Instructions to follow ▸ Write each record again exactly as it stands.

Stored data
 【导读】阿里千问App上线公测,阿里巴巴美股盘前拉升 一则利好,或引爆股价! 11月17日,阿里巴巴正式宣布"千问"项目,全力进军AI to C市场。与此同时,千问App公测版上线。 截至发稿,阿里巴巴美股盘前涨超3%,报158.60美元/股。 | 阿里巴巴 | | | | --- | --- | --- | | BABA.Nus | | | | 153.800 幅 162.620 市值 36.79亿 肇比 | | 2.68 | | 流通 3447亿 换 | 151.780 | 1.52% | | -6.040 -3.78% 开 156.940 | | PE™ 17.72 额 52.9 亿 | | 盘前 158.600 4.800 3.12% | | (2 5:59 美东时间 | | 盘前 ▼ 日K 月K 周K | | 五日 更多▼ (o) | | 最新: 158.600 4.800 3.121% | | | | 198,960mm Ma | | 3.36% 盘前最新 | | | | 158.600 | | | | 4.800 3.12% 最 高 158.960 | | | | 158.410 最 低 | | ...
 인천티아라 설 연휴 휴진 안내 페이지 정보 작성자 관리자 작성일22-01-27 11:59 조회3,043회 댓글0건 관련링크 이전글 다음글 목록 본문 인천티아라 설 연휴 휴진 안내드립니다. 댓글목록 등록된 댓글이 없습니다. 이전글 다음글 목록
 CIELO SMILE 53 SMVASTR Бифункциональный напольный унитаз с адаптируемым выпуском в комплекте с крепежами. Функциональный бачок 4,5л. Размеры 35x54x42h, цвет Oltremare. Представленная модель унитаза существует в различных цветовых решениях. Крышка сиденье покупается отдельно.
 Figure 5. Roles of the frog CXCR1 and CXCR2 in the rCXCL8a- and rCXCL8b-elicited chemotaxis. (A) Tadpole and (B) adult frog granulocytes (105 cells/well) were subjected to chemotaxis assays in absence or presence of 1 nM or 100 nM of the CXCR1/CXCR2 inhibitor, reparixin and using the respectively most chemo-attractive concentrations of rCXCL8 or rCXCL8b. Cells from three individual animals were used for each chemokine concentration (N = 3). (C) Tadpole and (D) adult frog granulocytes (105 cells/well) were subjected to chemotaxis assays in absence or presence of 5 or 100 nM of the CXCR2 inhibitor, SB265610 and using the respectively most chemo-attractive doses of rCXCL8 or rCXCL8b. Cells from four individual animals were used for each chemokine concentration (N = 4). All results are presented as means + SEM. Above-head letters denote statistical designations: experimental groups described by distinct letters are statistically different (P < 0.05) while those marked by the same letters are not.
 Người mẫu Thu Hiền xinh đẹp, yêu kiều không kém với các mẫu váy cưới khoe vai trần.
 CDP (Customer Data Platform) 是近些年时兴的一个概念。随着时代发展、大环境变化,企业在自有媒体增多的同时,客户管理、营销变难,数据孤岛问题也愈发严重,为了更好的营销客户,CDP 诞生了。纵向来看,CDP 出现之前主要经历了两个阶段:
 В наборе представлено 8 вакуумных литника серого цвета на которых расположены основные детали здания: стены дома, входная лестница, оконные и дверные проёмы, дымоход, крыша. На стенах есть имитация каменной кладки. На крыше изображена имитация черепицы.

Response to the task ▸
 【导读】阿里千问App上线公测,阿里巴巴美股盘前拉升 一则利好,或引爆股价! 11月17日,阿里巴巴正式宣布"千问"项目,全力进军AI to C市场。与此同时,千问App公测版上线。 截至发稿,阿里巴巴美股盘前涨超3%,报158.60美元/股。 | 阿里巴巴 | | | | --- | --- | --- | | BABA.Nus | | | | 153.800 幅 162.620 市值 36.79亿 肇比 | | 2.68 | | 流通 3447亿 换 | 151.780 | 1.52% | | -6.040 -3.78% 开 156.940 | | PE™ 17.72 额 52.9 亿 | | 盘前 158.600 4.800 3.12% | | (2 5:59 美东时间 | | 盘前 ▼ 日K 月K 周K | | 五日 更多▼ (o) | | 最新: 158.600 4.800 3.121% | | | | 198,960mm Ma | | 3.36% 盘前最新 | | | | 158.600 | | | | 4.800 3.12% 最 高 158.960 | | | | 158.410 最 低 | | ...
 인천티아라 설 연휴 휴진 안내 페이지 정보 작성자 관리자 작성일22-01-27 11:59 조회3,043회 댓글0건 관련링크 이전글 다음글 목록 본문 인천티아라 설 연휴 휴진 안내드립니다. 댓글목록 등록된 댓글이 없습니다. 이전글 다음글 목록
 CIELO SMILE 53 SMVASTR Бифункциональный напольный унитаз с адаптируемым выпуском в комплекте с крепежами. Функциональный бачок 4,5л. Размеры 35x54x42h, цвет Oltremare. Представленная модель унитаза существует в различных цветовых решениях. Крышка сиденье покупается отдельно.
 Figure 5. Roles of the frog CXCR1 and CXCR2 in the rCXCL8a- and rCXCL8b-elicited chemotaxis. (A) Tadpole and (B) adult frog granulocytes (105 cells/well) were subjected to chemotaxis assays in absence or presence of 1 nM or 100 nM of the CXCR1/CXCR2 inhibitor, reparixin and using the respectively most chemo-attractive concentrations of rCXCL8 or rCXCL8b. Cells from three individual animals were used for each chemokine concentration (N = 3). (C) Tadpole and (D) adult frog granulocytes (105 cells/well) were subjected to chemotaxis assays in absence or presence of 5 or 100 nM of the CXCR2 inhibitor, SB265610 and using the respectively most chemo-attractive doses of rCXCL8 or rCXCL8b. Cells from four individual animals were used for each chemokine concentration (N = 4). All results are presented as means + SEM. Above-head letters denote statistical designations: experimental groups described by distinct letters are statistically different (P < 0.05) while those marked by the same letters are not.
 Người mẫu Thu Hiền xinh đẹp, yêu kiều không kém với các mẫu váy cưới khoe vai trần.
 CDP (Customer Data Platform) 是近些年时兴的一个概念。随着时代发展、大环境变化,企业在自有媒体增多的同时,客户管理、营销变难,数据孤岛问题也愈发严重,为了更好的营销客户,CDP 诞生了。纵向来看,CDP 出现之前主要经历了两个阶段:
 В наборе представлено 8 вакуумных литника серого цвета на которых расположены основные детали здания: стены дома, входная лестница, оконные и дверные проёмы, дымоход, крыша. На стенах есть имитация каменной кладки. На крыше изображена имитация черепицы.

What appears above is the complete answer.